§ Input for this task

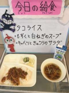 今日の給食は、ごはん 牛乳 タコライス もずくと白ねぎのスープ キャベツときゅうりのサラダです。
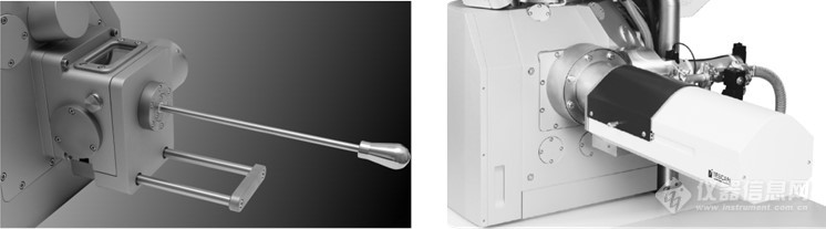 而对于样品室的真空度,钨灯丝和欧美系热场的要求将对较低,一般优于2×10-2Pa即可开启电子枪,所以换样抽真空的时间比较短;而日系热场电镜或者冷场电镜则要达到更高的线Pa才能开启电子枪。为了保证换样时间,日系电镜一般都需要额外的交换室,在换样的时候,利用交换室进行,不破坏样品室的真空。而欧美系电镜普遍采用抽屉式大开门的样品室设计。两种设计各有利弊,抽屉式设计一般样品室较大,可以放置更大更多的样品,效率高。或者对于有些特殊的原位观察要求,大开门设计才可能放进各种体积较大的功能样品台,如加热台、拉伸台;交换室相对来说更有利于保护样品室的洁净度,减少污染。不过大开门式设计也可以加装交换室,如图3-46,达到相同的效果,自由度更高。
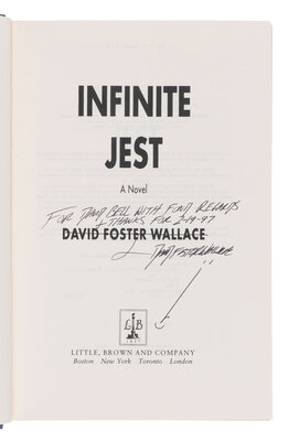 FIRST EDITION, second printing, of Wallace's postmodern encyclopedic novel, which employs an unconventional narrative structure and an experimental use of endnotes (some 388 in all). INSCRIBED BY WALLACE on the title-page: "For David Bell with fond regards & thanks for 2-9-97, David Foster Wallace."
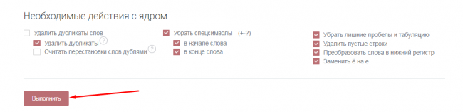 На данном этапе получен список ключевиков. Но некоторые из них повторяются. Чтобы не убирать дубли вручную, используйте нормализатор слов.
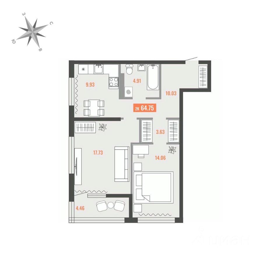 Продаётся 2-комнатная квартира в строящемся доме (Дом 1), срок сдачи: I-кв. 2028, общей площадью 64.75 кв.м., на 10 этаже. Для тех, кто строит будущее Большого Камня

§ Brief
Beginning with the line that contains "На данном этапе", output each line of the material above through the last one exactly as it stands. Do not include the pictures.

§ Result for this task
 На данном этапе получен список ключевиков. Но некоторые из них повторяются. Чтобы не убирать дубли вручную, используйте нормализатор слов.
 Продаётся 2-комнатная квартира в строящемся доме (Дом 1), срок сдачи: I-кв. 2028, общей площадью 64.75 кв.м., на 10 этаже. Для тех, кто строит будущее Большого Камня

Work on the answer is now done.